→ Problem statement
Return the records that follow unaltered. Omit every picture.

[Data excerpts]
☆ ☆ ☆ ☆ ☆ ☆ ☆

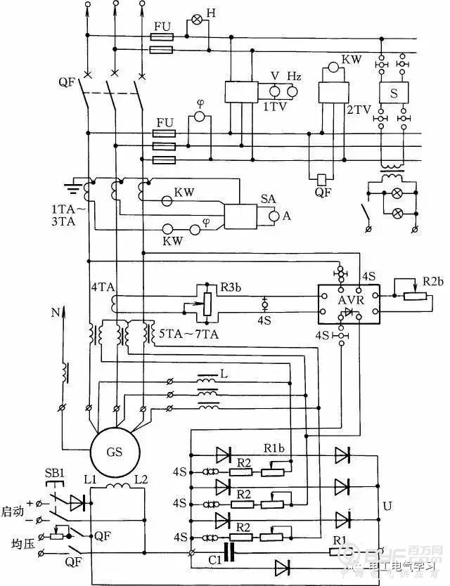 HF-4-81系列发电机控制线路如图15所示,它与T2XV系列小型三相同步发电机配套。同步发电机的励磁系统采用电复合相复励调压。发电机端电压经线性电抗器L移相,然后与发电机负荷电路中的电流互感器5TA~7TA二次电压合成,经三相桥式整流器整流后,供发电机GS励磁自动调压。
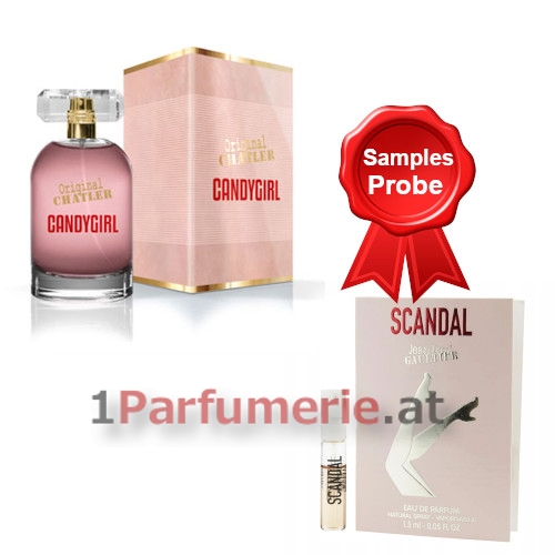Startseite » Damendüfte » CHATLER » Chatler Candygirl - Eau de Parfum 100 ml, Probe Jean Paul Gaultier Scandal
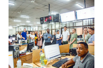 A group of master’s degree students from the Western Norway University of Applied Sciences pose for a photo during their academic visit to Mwananchi Communications Limited offices in Dar es Salaam yesterday. Holding the banner is The Citizen newspaper Managing Editor, Mpoki Thomson (R), and MCL’s Transformation manager, Amir Simbano. PHOTO | ALPHONCE TENDEGA
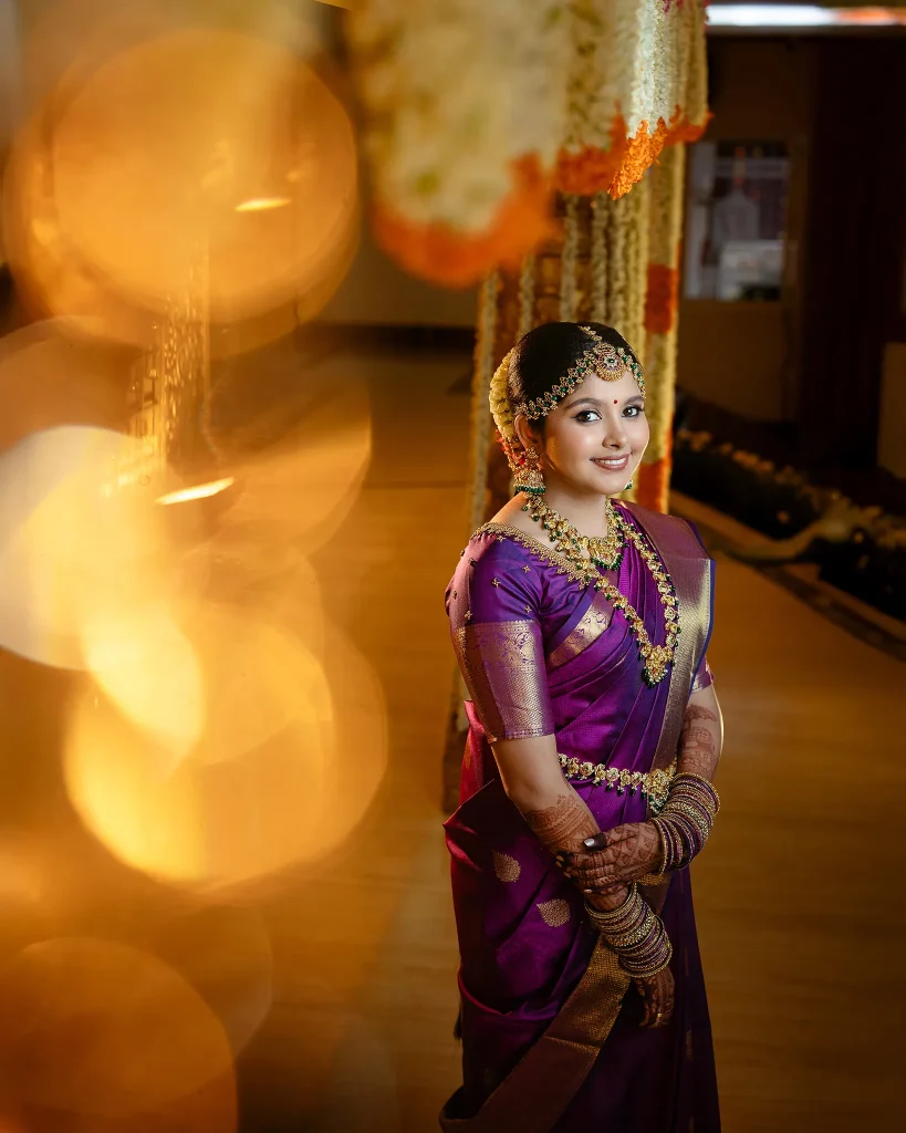 As the top wedding photographer in Chennai, we recommend that couples plan their outfits, schedule enough time for portraits, and communicate special requests with us in advance. This ensures a smooth shoot and stunning results. Time is the key to amazing portraits — couples need to be ready well before the ceremony start time. For example, if you have a wedding reception at 6:30 pm, aim to be ready by 5 pm for the couple shoot. Inform your makeup artist to finish at least an hour before the event to allow time for portraits. Taking couple portraits after the event is not advisable. Additionally, make sure to sleep well the night before, avoid unnecessary stress, and don’t overthink the arrangements. Just relax and enjoy your day — your natural happiness will make every photo stunning.
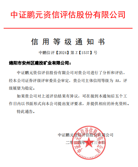 信用評級是企業(yè)在資本市場上的“身份證”,也是企業(yè)綜合實力和信譽的重要體現(xiàn)。近年來,在安州區(qū)委、區(qū)政府、區(qū)國資辦的帶領(lǐng)下,建投礦業(yè)規(guī)模效益穩(wěn)步提升、業(yè)務(wù)領(lǐng)域不斷拓展、改革不斷深化、監(jiān)管體系不斷完善,較好完成各項目標(biāo)任務(wù)。此次獲評不僅是對建投礦業(yè)管理水平、資產(chǎn)結(jié)構(gòu)、經(jīng)營效益等工作的高度認(rèn)可,也是對安州區(qū)推動國有企業(yè)改革工作的充分肯定。
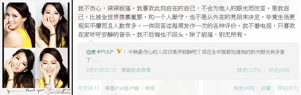 事實上,昨晚網友的評論並未「@」伊能靜或庾澄慶,但伊能靜卻在看到評論後,今(1日)凌晨在微博上發了一篇百字聲明,說明自己並不傷心,也不會為他人的眼光而改變,且要一併回答每周發作一次的各種評價。網友就質疑她是否會錯意?對此,下午她立刻再度回應:「我沒會錯意,說了是一併回答。包括被媒體問、被關心的人問、還有在這裡留言的人們。禮貌回覆是很好的習慣,多和大家交流,也很好啊!」

☆ ☆ ☆ ☆ ☆ ☆ ☆

→ Problem solution
 HF-4-81系列发电机控制线路如图15所示,它与T2XV系列小型三相同步发电机配套。同步发电机的励磁系统采用电复合相复励调压。发电机端电压经线性电抗器L移相,然后与发电机负荷电路中的电流互感器5TA~7TA二次电压合成,经三相桥式整流器整流后,供发电机GS励磁自动调压。
Startseite » Damendüfte » CHATLER » Chatler Candygirl - Eau de Parfum 100 ml, Probe Jean Paul Gaultier Scandal
 A group of master’s degree students from the Western Norway University of Applied Sciences pose for a photo during their academic visit to Mwananchi Communications Limited offices in Dar es Salaam yesterday. Holding the banner is The Citizen newspaper Managing Editor, Mpoki Thomson (R), and MCL’s Transformation manager, Amir Simbano. PHOTO | ALPHONCE TENDEGA
 As the top wedding photographer in Chennai, we recommend that couples plan their outfits, schedule enough time for portraits, and communicate special requests with us in advance. This ensures a smooth shoot and stunning results. Time is the key to amazing portraits — couples need to be ready well before the ceremony start time. For example, if you have a wedding reception at 6:30 pm, aim to be ready by 5 pm for the couple shoot. Inform your makeup artist to finish at least an hour before the event to allow time for portraits. Taking couple portraits after the event is not advisable. Additionally, make sure to sleep well the night before, avoid unnecessary stress, and don’t overthink the arrangements. Just relax and enjoy your day — your natural happiness will make every photo stunning.
 信用評級是企業(yè)在資本市場上的“身份證”,也是企業(yè)綜合實力和信譽的重要體現(xiàn)。近年來,在安州區(qū)委、區(qū)政府、區(qū)國資辦的帶領(lǐng)下,建投礦業(yè)規(guī)模效益穩(wěn)步提升、業(yè)務(wù)領(lǐng)域不斷拓展、改革不斷深化、監(jiān)管體系不斷完善,較好完成各項目標(biāo)任務(wù)。此次獲評不僅是對建投礦業(yè)管理水平、資產(chǎn)結(jié)構(gòu)、經(jīng)營效益等工作的高度認(rèn)可,也是對安州區(qū)推動國有企業(yè)改革工作的充分肯定。
 事實上,昨晚網友的評論並未「@」伊能靜或庾澄慶,但伊能靜卻在看到評論後,今(1日)凌晨在微博上發了一篇百字聲明,說明自己並不傷心,也不會為他人的眼光而改變,且要一併回答每周發作一次的各種評價。網友就質疑她是否會錯意?對此,下午她立刻再度回應:「我沒會錯意,說了是一併回答。包括被媒體問、被關心的人問、還有在這裡留言的人們。禮貌回覆是很好的習慣,多和大家交流,也很好啊!」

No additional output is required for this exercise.